CEDRS improving mediation procedures

Dec. 9, 2002

KALAMAZOO -- Just because talk is cheap doesn't mean it isn't worthwhile.

Campus Employee Dispute Resolution Services at Western Michigan University is a case in point. This free program allows WMU employees, including student employees, to have private, off-the-record conversations with neutral mediators who help them resolve their interpersonal conflicts in the work place.

Introduced in 2000 as part of the Employee Assistance Program, CEDRS is now a separate program housed in the Sindecuse Health Center. On Oct. 14 it began operating under a revised policy statement and set of procedures that are spelled out in the Dispute Resolution section of the "Employee Handbook," which is available online at <www.wmich.edu/hr>.

"The changes we've made should not only increase the program's visibility, but also make it more user friendly," says Dale R. Anderson, who became CEDRS coordinator May 6 and immediately began gathering employee input on how to improve the program.

"People told me they were concerned about issues like confidentiality, retaliation and using our service during work time," Anderson says. "So we clarified these things, put guarantees in writing and added them to the 'Employee Handbook.'"

With that work done, Anderson is focusing on explaining the conflict resolution service to University employees.
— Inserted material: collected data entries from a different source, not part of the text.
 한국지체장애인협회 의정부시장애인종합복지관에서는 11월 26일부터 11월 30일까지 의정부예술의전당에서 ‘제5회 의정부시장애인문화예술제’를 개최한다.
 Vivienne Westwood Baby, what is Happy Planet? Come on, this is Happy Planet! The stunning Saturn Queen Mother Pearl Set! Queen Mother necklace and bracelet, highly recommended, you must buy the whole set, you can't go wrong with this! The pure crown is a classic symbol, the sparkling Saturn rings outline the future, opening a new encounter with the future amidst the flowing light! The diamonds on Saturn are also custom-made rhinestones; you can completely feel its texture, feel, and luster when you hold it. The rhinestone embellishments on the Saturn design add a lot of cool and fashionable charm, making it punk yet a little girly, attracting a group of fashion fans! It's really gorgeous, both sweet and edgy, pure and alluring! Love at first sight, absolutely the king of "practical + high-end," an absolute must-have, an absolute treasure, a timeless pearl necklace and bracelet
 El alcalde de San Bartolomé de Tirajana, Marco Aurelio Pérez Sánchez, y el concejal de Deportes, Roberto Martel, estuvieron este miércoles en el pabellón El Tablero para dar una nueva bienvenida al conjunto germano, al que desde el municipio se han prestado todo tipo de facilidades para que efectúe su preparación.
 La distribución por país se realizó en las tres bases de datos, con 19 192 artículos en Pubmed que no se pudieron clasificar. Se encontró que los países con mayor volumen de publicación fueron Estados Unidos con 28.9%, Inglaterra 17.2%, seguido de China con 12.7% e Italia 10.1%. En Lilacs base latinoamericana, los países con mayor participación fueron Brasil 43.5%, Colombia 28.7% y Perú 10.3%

"We provide mediation and community conferencing services primarily in cases where there are interpersonal disputes and generalized conflict involving co-workers, subordinates and supervisors, or even entire work groups," he says. "Everything we do is confidential and designed to promote nonadversarial, nonjudgmental discussions in venues where employees feel safe and have a chance to talk at length."

To date, CEDRS has most often been called upon to assist in situations related to personality conflicts; misunderstandings arising from differences in work or communication styles; and disagreements and misunderstandings about job expectations or performance, especially when employees have several masters. It also has proved helpful for subordinates who want to have a set block of time to meet with their supervisors in a safe environment, but have no control over scheduling their supervisors' time.
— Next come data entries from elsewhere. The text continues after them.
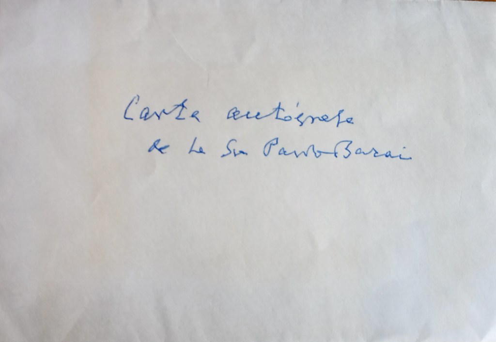 Nun sobre, coa caligrafía inequívoca de Ramón Otero Pedrayo onde escribiu nalgún momento “carta autógrafa de la sra. Pardo Bazán”, custódiase unha tarxeta manuscrita da autora de Los pazos de Ulloa e depositado na actualidade nos fondos da Fundación Penzol, a quen agradezo a cesión deste documento.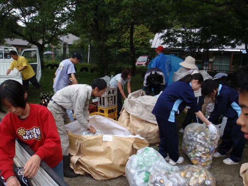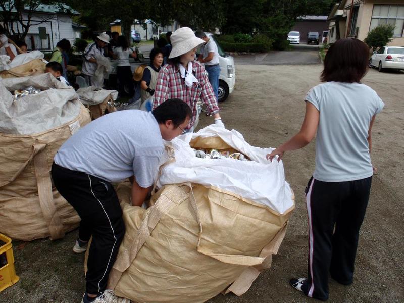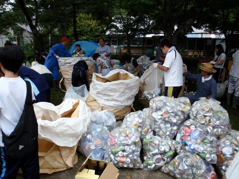 早朝より、たくさんのアルミ缶が集まりました。 袋にまとめて つぶし係はやはり、☆先生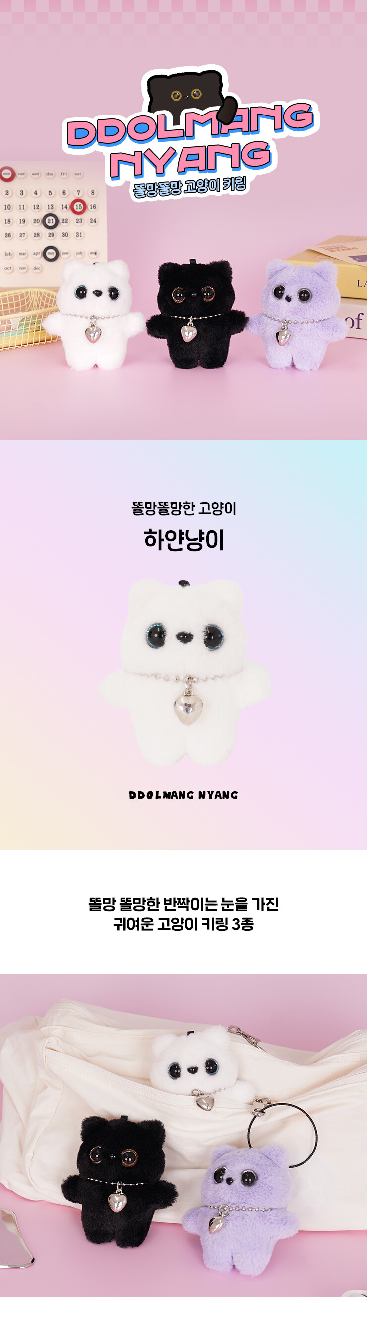 플러시플러시 힙즈 똘망냥이 키링 화이트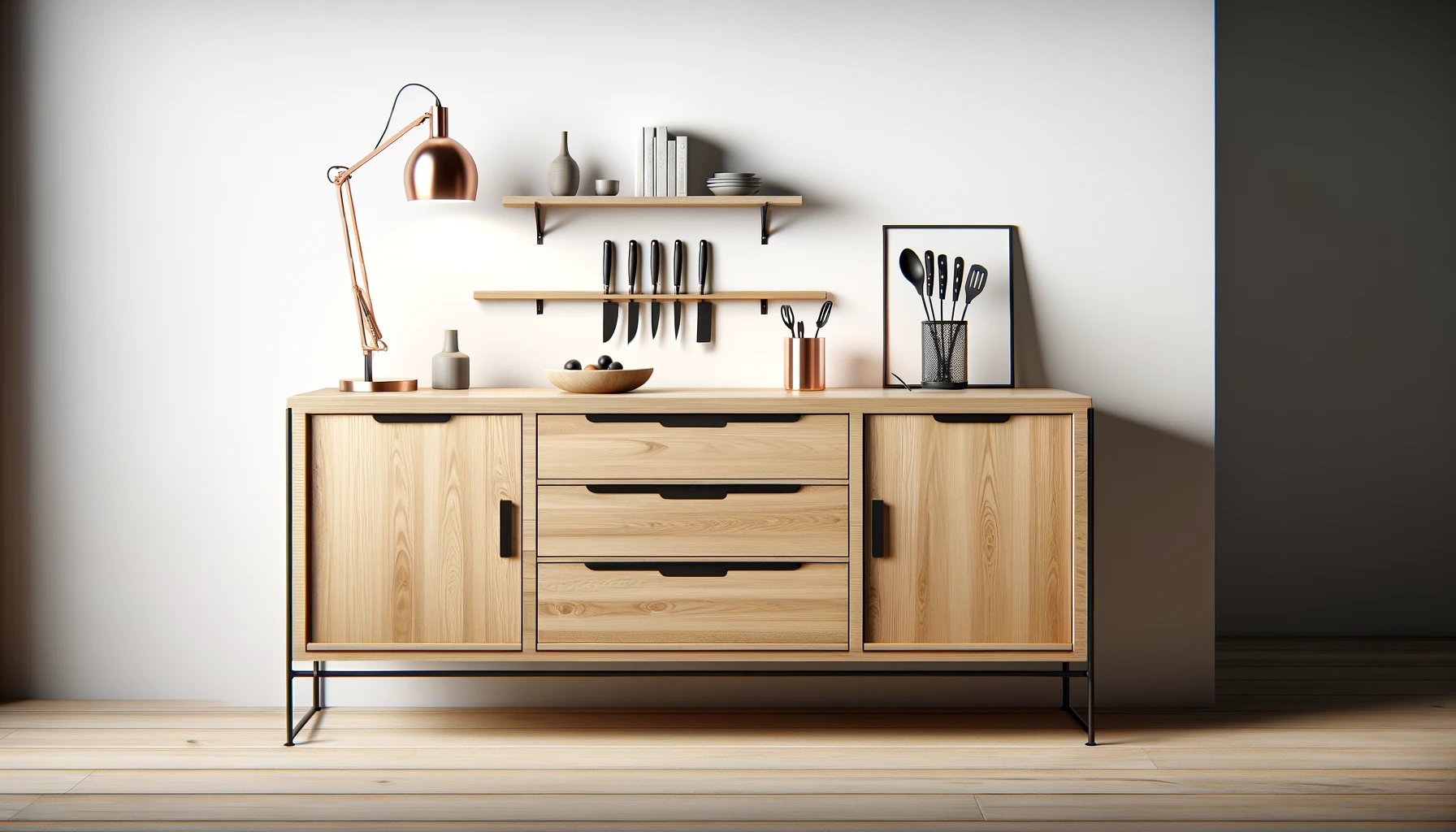 - Design élégant en bois et noir pour une esthétique moderne

To use CEDRS, employees simply give Anderson a call. If the situation is an appropriate one for the program to handle, Anderson contacts all parties in the dispute, schedules a meeting time and assigns mediators. He helps ensure fairness and diversity by selecting two mediators for each case, and, for the time being, sitting in on all sessions to make certain the process is functioning smoothly.

"CEDRS is, in large part, employee driven," Anderson says. "People want confidentiality assured and don't want a direct informational tie to the administration. That's why we now have a formal, enforceable confidentiality pledge and a clear policy that states, within certain guidelines, nothing said or used during mediation can be applied to other disputes or grievance procedures. It's also why I now report to a steering committee."
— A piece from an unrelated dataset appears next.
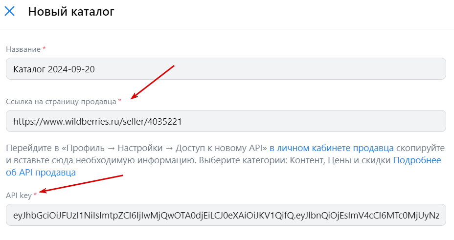 Справа появится окошко, укажите в нем название каталога, ссылку на магазин на Wildberries и API-ключ. Последний нужен для того, чтобы VK Ads могла автоматически загружать карточки из WB для создания объявлений и обновлять информацию о товарах в магазине. Как получить API-ключ в кабинете селлера WB, читайте в нашем гайде.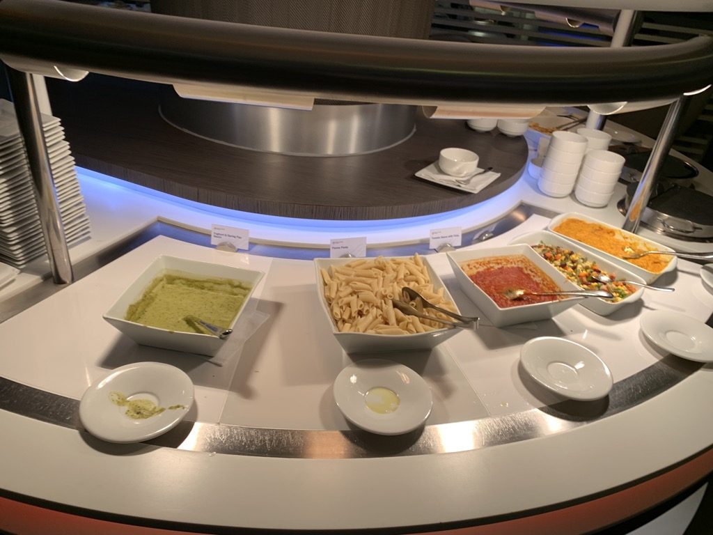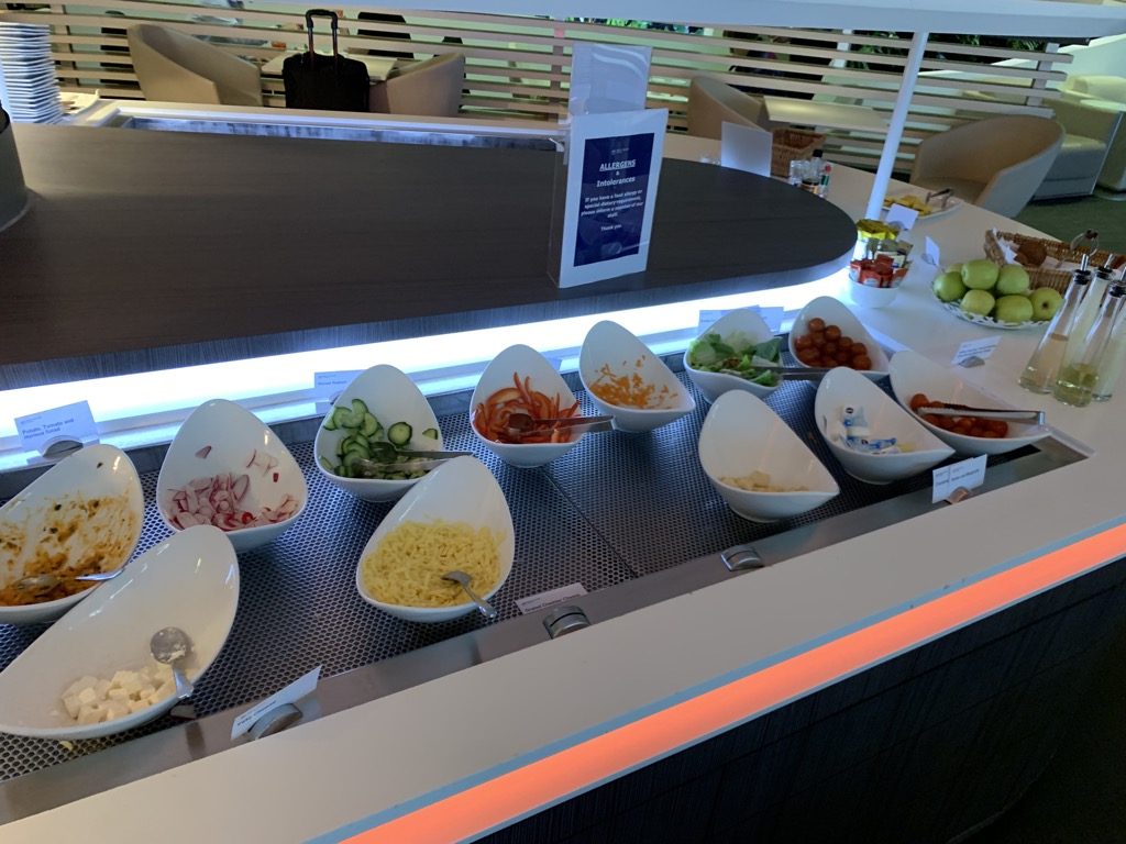 Zentraler Bestanteil der SkyTeam Lounge war in jedem der beiden Stockwerke eine große Buffetinsel, auf welcher eine überraschend große Auswahl an Speisen angeboten wurde.

The CEDRS Steering Committee is the group that oversees Anderson's activities and sets policies and procedures for the program. Currently, its membership is composed of representatives from the AAUP, AFSCME, PSSO, APA, Human Resources and the University's general counsel. There also are seats for representatives from the POA and MSEA.

Anderson provides aggregate information to the committee, but he, too, is bound by confidentiality and barred from referencing departments or people.

Following such rules is familiar territory for the part-time WMU staff member, who has been a practicing mediator since 1992. He is a nationally board certified counselor, a Limited Licensed Professional Counselor in Michigan, an approved trainer for the state's court-appointed mediators and, as if that weren't enough, a licensed residential builder.

Anderson earned a master's degree in counseling with a self-designed specialty in multicultural counseling and conflict mediation from WMU. He is trained in several mediation models.